Sesungguhnya orang-orang yang beriman, mengerjakan amal shaleh, mendirikan
sembahyang dan menunaikan zakat, mereka mendapat pahala di sisi Tuhannya. Tidak
ada kekhawatiran terhadap mereka dan tidak (pula) mereka bersedih hati. Hai
orang-orang yang beriman, bertaqwalah kepada Allah dan tinggalkan sisa riba
(yang belum dipungut) jika kamu orang-orang yang beriman. Maka jika kamu tidak
mengerjakan (meninggalkan sisa riba), maka bagimu pokok hartamu; kamu tidak menganiaya
dan tidak (pula) dianiaya. Dan jika (orang-orang berhutang itu) dalam
kesukaran, berilah tangguh mereka sampai dia berkelapangan. Dan menyedekahkan
(sebagian atau semua utang) itu, lebih baik bagimu, jika kamu mengetahui. Hai
orang-orang yang beriman, janganlah kamu memakan riba dengan berlipat ganda dan
bertakwalah kamu kepada Allah supaya kamu mendapat keberuntungan.” (Ali’Imran
[3]: 130).
2.
Hadis-hadis Nabi s.a.w., antara lain :
3.
Dari Abdullah r.a., ia berkata : “Rasulullah s.a.w.
melaknat orang yang memakan (mengambil) dan memberikan riba.” Rawi berkata:
saya bertanya:”(apakah Rasulullah melaknat juga) orang yang menuliskan dan dua
orang yang menajdi saksinya?” Ia (Abdullah) menjawab : “Kami hanya menceritakan
apa yang kami dengar.” (HR.Muslim).
4.
Dari Jabir r.a.,ia berkata : “Rasulullah s.a.w.

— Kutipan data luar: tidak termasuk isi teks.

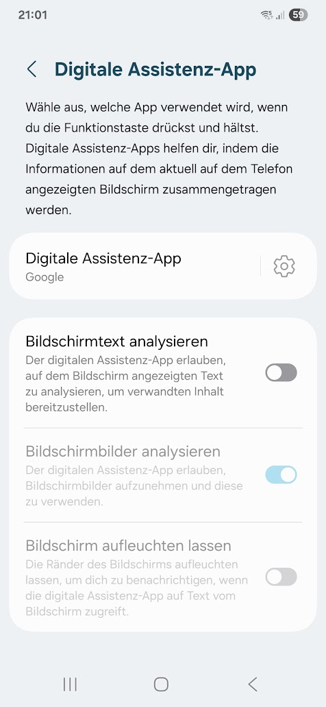 - Folgende Punkte würde ich deaktivieren: Hey Google und Voice Match komplett deaktivieren; Displaykontext – Bildschirmtext analysieren deaktivieren; Gemini auf dem Sperrbildschirm alles ausschalten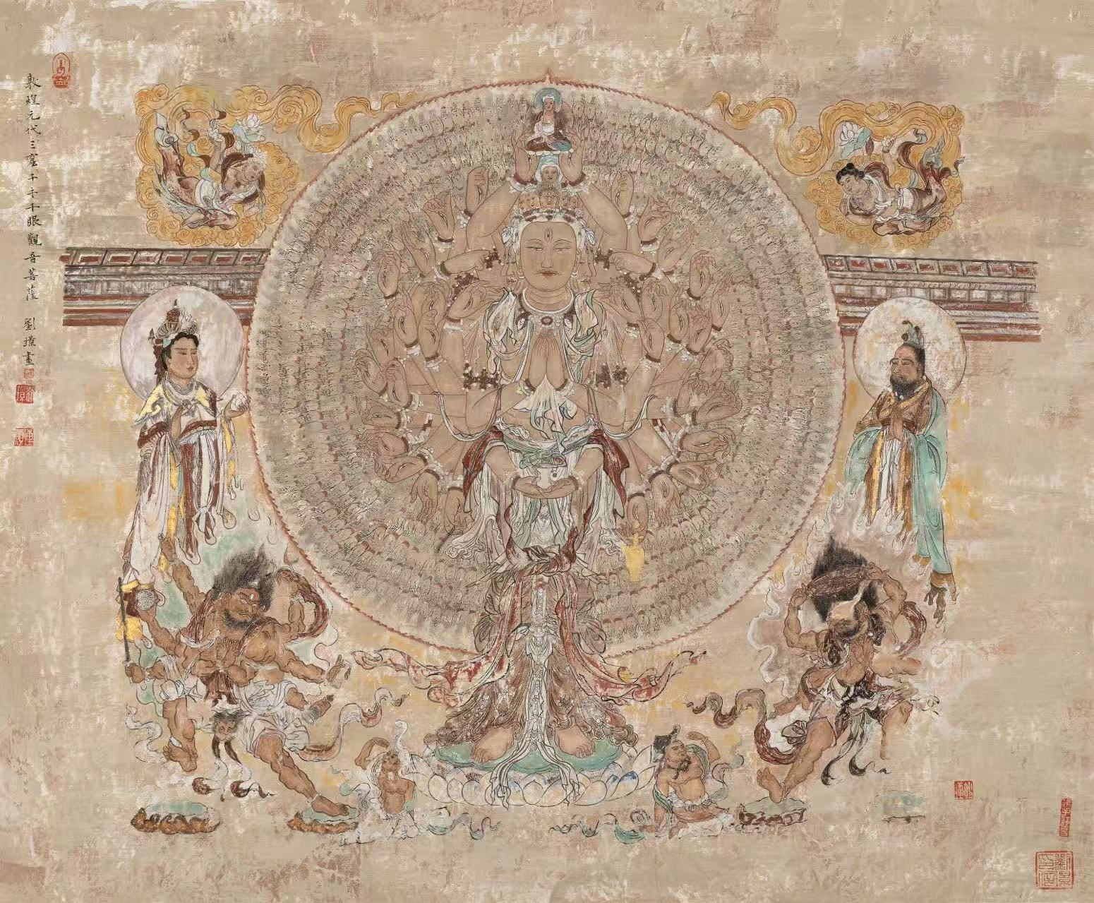 劉璟生於敦煌,長於敦煌,自幼受莫高窟壁畫薰陶,後進入故宮博物院從事研究工作。這種“敦煌底色”與“故宮視野”的結合,使其作品兼具故園情感的溫度與學術研究的深度。她以博士論文《敦煌飛天寫意性研究》為基礎,將敦煌飛天、菩薩等經典形象通過岩彩、油畫、數字版畫等媒介重新詮釋,既保留壁畫古樸神韻,又融入現代構成主義與數字技術。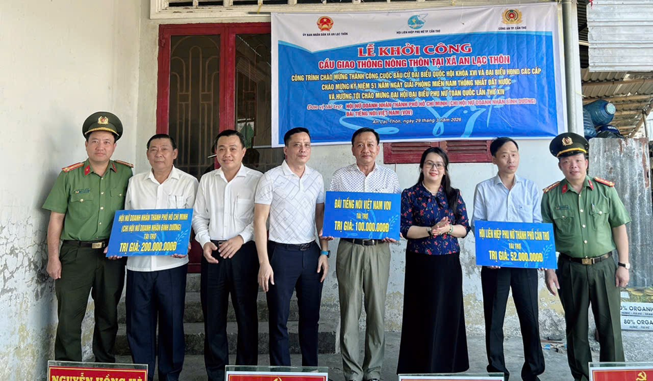 Đặc biệt, phát huy vai trò nòng cốt trong công tác tham mưu, đơn vị đã tham mưu Giám đốc Công an thành phố phối hợp Hội Liên hiệp phụ nữ thành phố và Đài tiếng nói Việt Nam (VOV) vận động, ủng hộ xây dựng công trình Cầu giao thông nông thôn tại xã An Lạc Thôn trị giá 590 triệu đồng. Công trình được khởi công ngày 29/3/2026, mang ý nghĩa thiết thực chào mừng các sự kiện chính trị trọng đại của đất nước, đồng thời góp phần cải thiện điều kiện đi lại, nâng cao đời sống người dân địa phương.

melaknat orang yang memakan (mengambil) riba, memberikan, menuliskan, dan dua
orang yang menyaksikan.” Ia berkata: “mereka berstatus hukum sama.” (HR.
Muslim).
5.
Dari Abu Hurairah r.a., ia berkata, Rasulullah bersabda:
“Akan datang kepada umat manusia suatu masa di mana mereka (terbiasa) memakan
riba. Barang siapa tidak memakan (mengambilnya)-nya,ia akan terkena
debunya.”(HR.al-Nasa’i).
6.
Dari Abu Hurairah r.a., ia berkata, Rasulullah
bersabda: “Riba adalah tujuh puluh dosa; dosanya yang paling ringan adalah
(sama dengan) dosa orang yang berzina dengan ibunya.” (HR. Ibn Majah).
7.
Dari Abdullah, dari Nabi s.a.w., beliau bersabda: “Riba
mempunyai tujuh puluh tiga pintu (cara, macam).” (HR. Ibn Majah).
8.
Dari Abdullah bin Mas’ud: “Rasulullah s.a.w. melaknat
orang yang memakan (mengambil) riba, memberikan, dua orang yang
menyaksikannya.” (HR. Ibn Majah).
9.
Dari Abu Hurairah r.a., ia berkata, Rasulullah
bersabda: “Sungguh akan datang kepada umat manusia suatu masa di mana tak ada
seorang pun di antara mereka kecuali (terbiasa) memakan riba. Barang siapa
tidak memakan (mengambil)-nya,ia akan terkena debunya.”(HR. Ibn Majah).
2.
Ijma’ Ulama tentang keharaman riba dan bahwa riba
adalah salah satu dosa besar (kaba’ir) (lihat antara lain: al-Nawawi,
al-Majmu’Syarch al-Muhadzdzab, [t.t.: Dar al-Fikr, juz 9, th 391].
Yah betul banged.. perkara yang Allah Larang, Pasti akibatnya BURUK. contoh Negeri Indonesia yang mempunyai HUTANG hingga Triliunan... karena sistem RIBA yang digunakan.